Resistance to colistin was determined through broth microdilution (BMD). Because the large size of the colistin molecule prevents sufficient diffusion through agar medium, BMD is the only procedure recommended by the European Committee on Antimicrobial Susceptibility Testing (EUCAST) for antimicrobial susceptibility testing of colistin [40]. Minimum inhibitory concentration (MIC) for colistin was measured using MIC-strip colistin microdilution plates according to manufacturer’s instruction (8 × 12 well plates; Merlin Diagnostics). Briefly, 50 μL of the standardized inoculum was added to 11 mL MH broth. The suspension was gently vortexed and a 100-μL aliquot per well transferred to microdilution strips containing MH broth supplemented with a 2-fold serial dilution of antibiotic. Final concentrations of antibiotic ranged from 0.0625 to 64 μm/mL. Inoculated plates were sealed and incubated at 37°C. Following incubation for 20–24 hours, MICs were determined through visual inspection of the plates under ambient and supplemented light. MIC was defined as the concentration of drug at which no growth was visible. Isolates were retested whenever a skipped well was observed during inspection of the BMD strips or for additional confirmation for E. coli isolates with MIC >2 μg/mL.
Metagenomic sequencing
Extraction of DNA from cells retained on the 0.2-μm Sterivex filters was performed according to an established laboratory protocol [41], briefly described here. For the complete protocol, see “Availability of Supporting Data and Materials.” Methods for this extraction method are also openly available in protocols.io [42]. To help mitigate any variation that might be introduced during laboratory handling, DNA extraction was performed on the Sterivex filters in random order, with extraction order resolved beforehand. Filter cartridges were injected with extraction buffer, incubated at 65°C for 30 minutes, and then the fluid was extracted from the filter cartridge and distributed into 0.1-mm glass bead tubes, which were shaken for 40 seconds in a MiniBeadBeater-16607 (3,450 oscillations/min; BioSpec, Bartlesville, OK, USA). Bead tubes were centrifuged, and the supernatant was purified by extraction with phenol/chloroform/isoamyl alcohol (25:24:1) and chloroform/isoamyl alcohol (24:1). DNA was preciptated overnight at −20°C in sodium-acetate/ethanol, and the pellets were resuspended in low-EDTA TE. DNA was not extracted from the 5-μm prefilters, which remain in frozen storage for potential future analyses.

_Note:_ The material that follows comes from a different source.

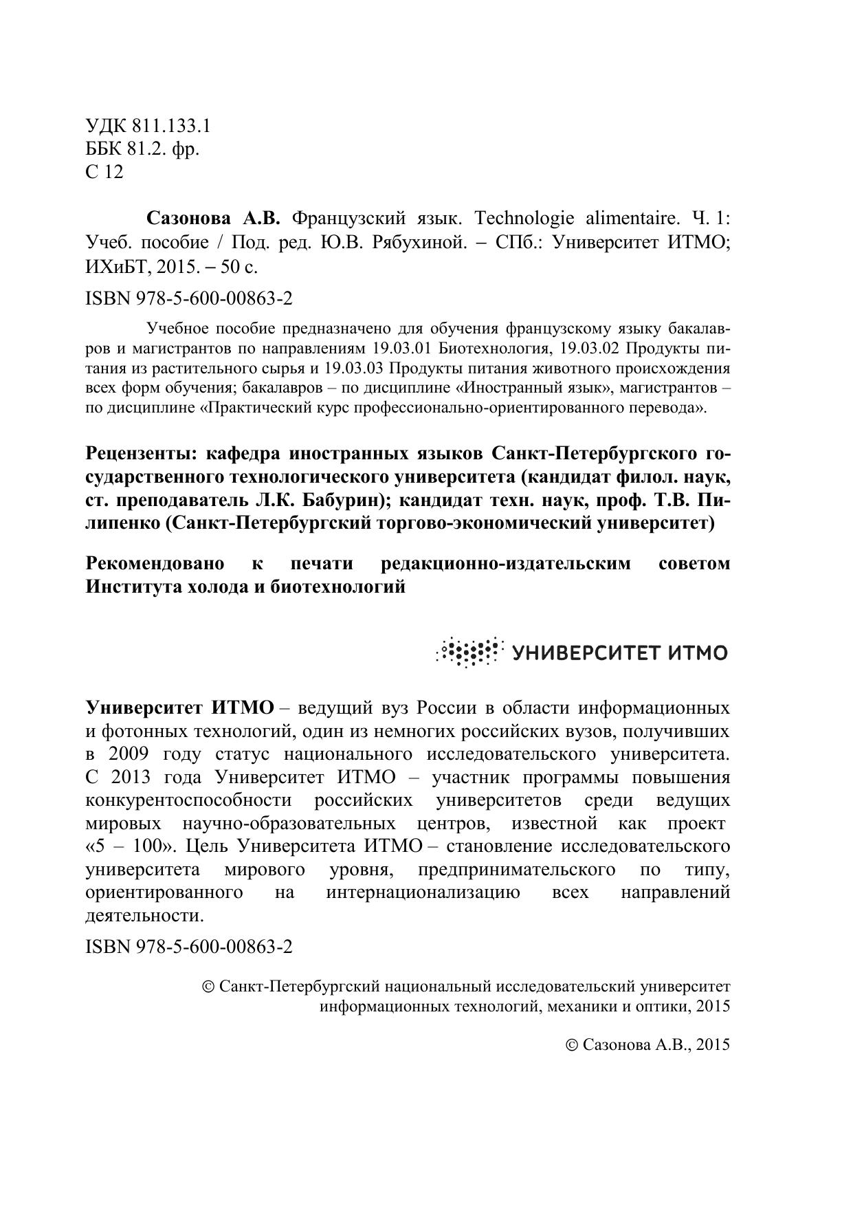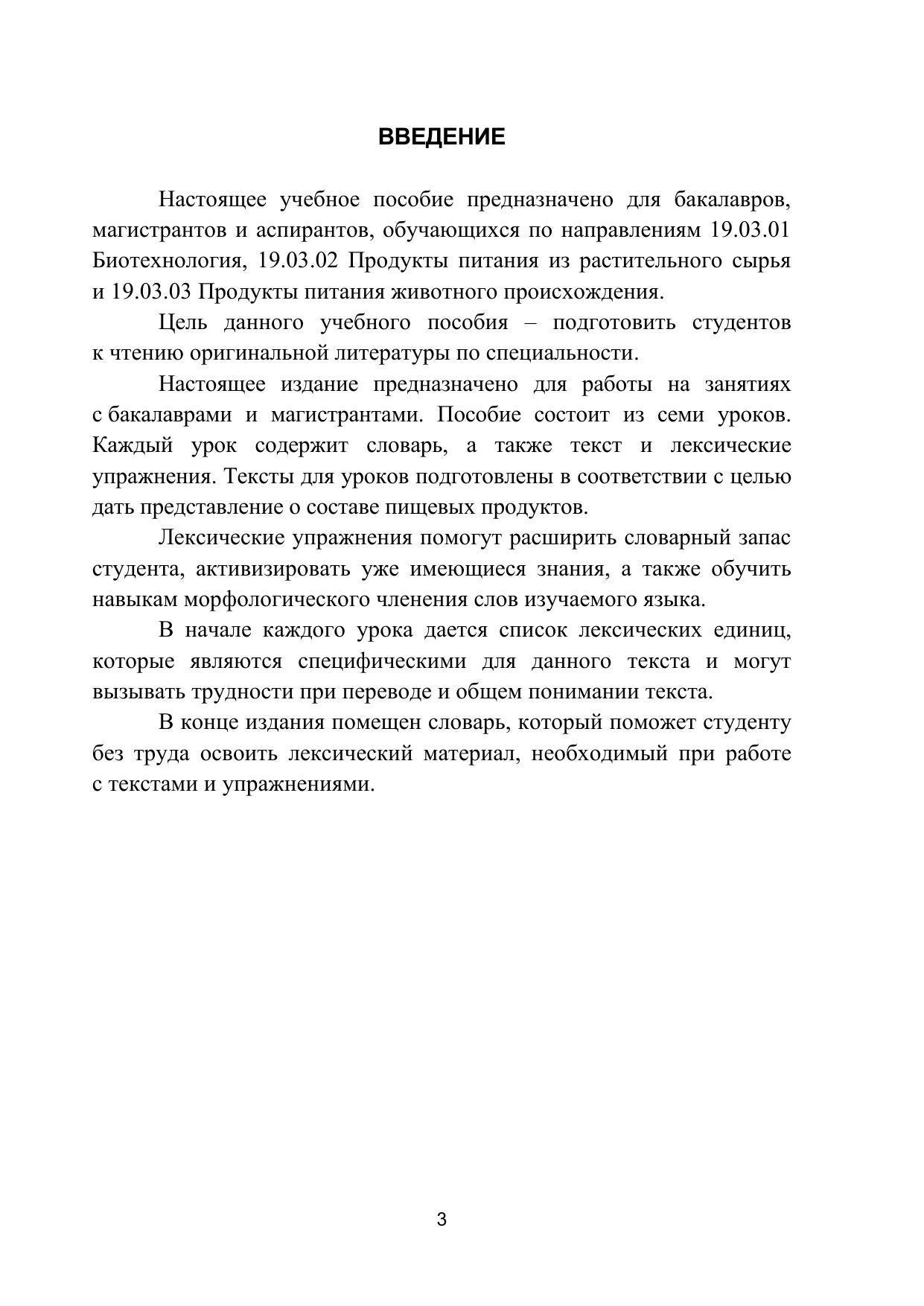 Учебное пособие предназначено для обучения французскому языку бакалавров и магистрантов по направлениям 19.03.01 Биотехнология, 19.03.02 Продукты питания из растительного сырья и 19.03.03 Продукты питания животного происхождения всех форм обучения бакалавров – по дисциплине «Иностранный язык», магистрантов – по дисциплине «Практический курс профессионально-ориентированного перевода».

Whenever possible, 80 ng of purified DNA was used in the construction of metagenomic libraries. Total DNA extracted from the filters was quantified on a Qubit fluorometer (Thermo Fisher Scientific, Waltham, MA, USA). The quality of the sample DNA was also assessed before library construction with a Nanodrop spectrophotometer (Thermo Fisher), and further purification conducted as needed based on Nanodrop 260/230 and 260/280 ratios using magnetic bead–based cleanup following a protocol adapted from Rohland & Reich [43]. The 260/230 curve was particularly predictive of library preparation success for this study, with a significant correlation found between Nanodrop 260/230 ratios and the final concentration of DNA in the prepared libraries (linear regression, adjusted R2 = 0.283, P = 5.267E−11). Purified DNA was fragmented by sonication with a Q800R sonicator (Qsonica, Newtown, CT, USA) at 4°C, 25% amplitude, with a 10-second pulse for 60 seconds. These settings were selected to achieve a high molecular weight band on an agarose gel around the 500–700 bp range. Magnetic beads were then used to select molecules from the fragmented DNA with a target size range of 500–700 bp. The size and quality of the fragments were verified with gel electrophoresis on a random subset of samples. Libraries were prepared from the size-selected DNA for metagenomic sequencing using the NEBnext Ultra DNA library prep kit for Illumina according to manufacturer instructions. A final bead cleanup was performed on the prepared DNA to remove excess kit reagents that could interfere with sequencing, and stored at −20°C until transportation to the sequencing center. Each of the triplicate samples per site was processed separately, resulting in a total of 72 metagenomic libraries for sequencing.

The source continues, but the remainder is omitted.